§ **What the task requires**:
Output every line of the material exactly, omitting images.

§ **Source material**:
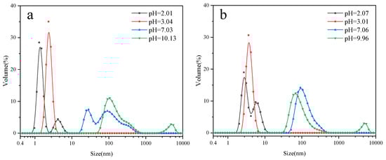 The zeta potentials of the four surfactants are shown in Figure 3 as a function of pH. Two peaks were observed at pH values of approximately 4 and 7. The first peak (pH 4) corresponded to the quaternization of some tertiary amino groups. The adsorption capacity of the solution interface gradually saturated with increasing pH, and minimum surface absorption area (Amin) of the micelles at the surface also increased. However, the size of the particles decreased. When the interface could not accommodate all the surfactant, the morphology of the surfactant particles began to change, leading to the formation of larger micelles or other forms of micelles.
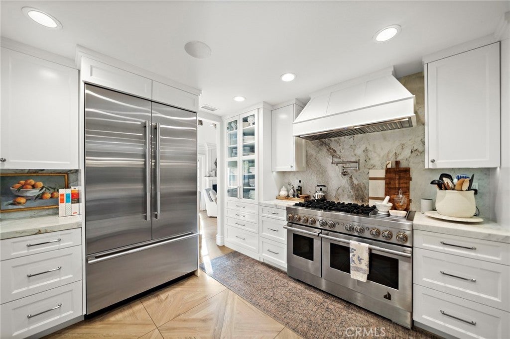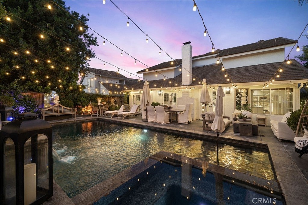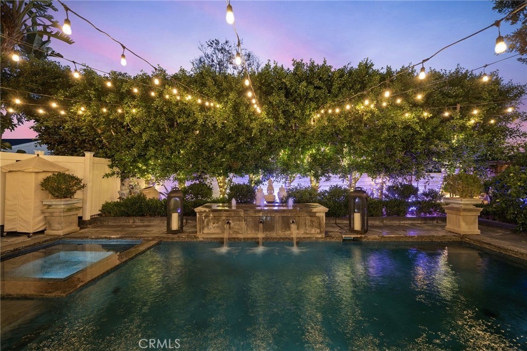 Don't miss out on this one-of-a-kind GEM! Located in the heart of Irvine's highly sought after Northwood community, this highly upgraded pool home with soaring vaulted ceilings offers 4 bedrooms, 2.5 baths, a large loft, and touches of custom design and quality craftsmanship that truly bring this unique, warm home to life! Elegant design elements include crown molding, wainscoting, skylights, romantic fireplace, custom wallpaper, dutch doors, high-end light fixtures, recessed lighting, and custom entertainment/closet built-ins throughout! Step outside into your own private oasis with NO HOMES BEHIND to find the real meaning of tranquility. Enjoy entertaining around the beautiful pool or relaxing under the gazebo while surrounded by the peaceful ambiance created by multiple water features, an abundance of greenery, incredible lighting, and the soothing aroma of jasmine. Recently remodeled, the luxurious kitchen is adorned with beautiful Calacutta marble, professional grade stainless steel appliances including a dual oven and large range hood, pot filler, oversized Rohl stainless steel sink, step-in pantry, and a peninsula with bar seating. Plenty of soft-close cabinetry, counter space, and bright light make this kitchen a living dream! The main floor primary suite is fit for royalty, with a custom built-in entertainment and storage system, french doors opening to the magnificent backyard, and a large bathroom with Pereira marble flooring and countertops, walk-in closet, oversized shower with dual shower heads, and a standalone tub. Head upstairs to find the large loft, three bedrooms, and a full bathroom. Other upgrades include: Nest thermostat; interior and exterior surround sound system; alarm system equipped with door, window, and motion sensors; newer dual paned vinyl windows. Dedicated laundry room and 2-car garage with epoxy flooring and overhead storage and cabinetry.
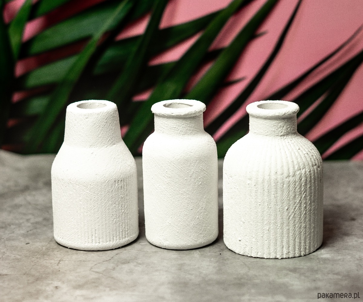 Ręcznie robione mini wazony z gipsu ceramicznego w kolorze białym z efektem surowej ceramiki . Odpowiednie proporcje gipsu i dodatków pozwoliły uzyskać idealny kolor, a zarazem wytrzymałość. Proces obróbki wykonywany jest ręcznie, bez wykorzystania maszyn. Produkt jest zabezpieczony specjalną mieszanką nadającą wytrzymałość, a na samym końcu specjalnym lakierem. Każdy nasz produkt jest inny, nie jest produkowany seryjnie, co nadaje mu niepowtarzalność.
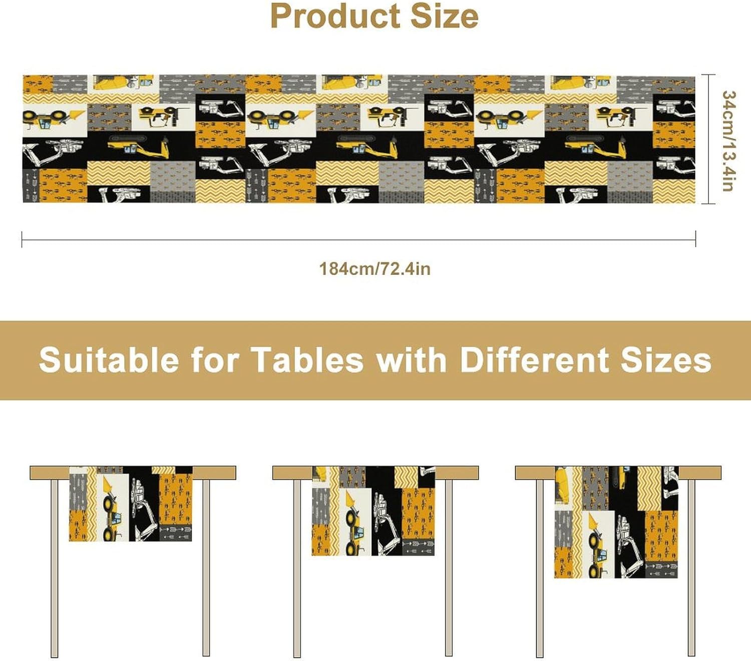 Excavator Table Runner,Boys Kids Construction Vehicles Equipment Trucks Cartoon Car Tablecloth Burlap for Hotel Indoors Outdoor Dining Room Kitchen Holiday Party, 13x80in

§ **Answer below**:
 The zeta potentials of the four surfactants are shown in Figure 3 as a function of pH. Two peaks were observed at pH values of approximately 4 and 7. The first peak (pH 4) corresponded to the quaternization of some tertiary amino groups. The adsorption capacity of the solution interface gradually saturated with increasing pH, and minimum surface absorption area (Amin) of the micelles at the surface also increased. However, the size of the particles decreased. When the interface could not accommodate all the surfactant, the morphology of the surfactant particles began to change, leading to the formation of larger micelles or other forms of micelles.
 Don't miss out on this one-of-a-kind GEM! Located in the heart of Irvine's highly sought after Northwood community, this highly upgraded pool home with soaring vaulted ceilings offers 4 bedrooms, 2.5 baths, a large loft, and touches of custom design and quality craftsmanship that truly bring this unique, warm home to life! Elegant design elements include crown molding, wainscoting, skylights, romantic fireplace, custom wallpaper, dutch doors, high-end light fixtures, recessed lighting, and custom entertainment/closet built-ins throughout! Step outside into your own private oasis with NO HOMES BEHIND to find the real meaning of tranquility. Enjoy entertaining around the beautiful pool or relaxing under the gazebo while surrounded by the peaceful ambiance created by multiple water features, an abundance of greenery, incredible lighting, and the soothing aroma of jasmine. Recently remodeled, the luxurious kitchen is adorned with beautiful Calacutta marble, professional grade stainless steel appliances including a dual oven and large range hood, pot filler, oversized Rohl stainless steel sink, step-in pantry, and a peninsula with bar seating. Plenty of soft-close cabinetry, counter space, and bright light make this kitchen a living dream! The main floor primary suite is fit for royalty, with a custom built-in entertainment and storage system, french doors opening to the magnificent backyard, and a large bathroom with Pereira marble flooring and countertops, walk-in closet, oversized shower with dual shower heads, and a standalone tub. Head upstairs to find the large loft, three bedrooms, and a full bathroom. Other upgrades include: Nest thermostat; interior and exterior surround sound system; alarm system equipped with door, window, and motion sensors; newer dual paned vinyl windows. Dedicated laundry room and 2-car garage with epoxy flooring and overhead storage and cabinetry.
 Ręcznie robione mini wazony z gipsu ceramicznego w kolorze białym z efektem surowej ceramiki . Odpowiednie proporcje gipsu i dodatków pozwoliły uzyskać idealny kolor, a zarazem wytrzymałość. Proces obróbki wykonywany jest ręcznie, bez wykorzystania maszyn. Produkt jest zabezpieczony specjalną mieszanką nadającą wytrzymałość, a na samym końcu specjalnym lakierem. Każdy nasz produkt jest inny, nie jest produkowany seryjnie, co nadaje mu niepowtarzalność.
 Excavator Table Runner,Boys Kids Construction Vehicles Equipment Trucks Cartoon Car Tablecloth Burlap for Hotel Indoors Outdoor Dining Room Kitchen Holiday Party, 13x80in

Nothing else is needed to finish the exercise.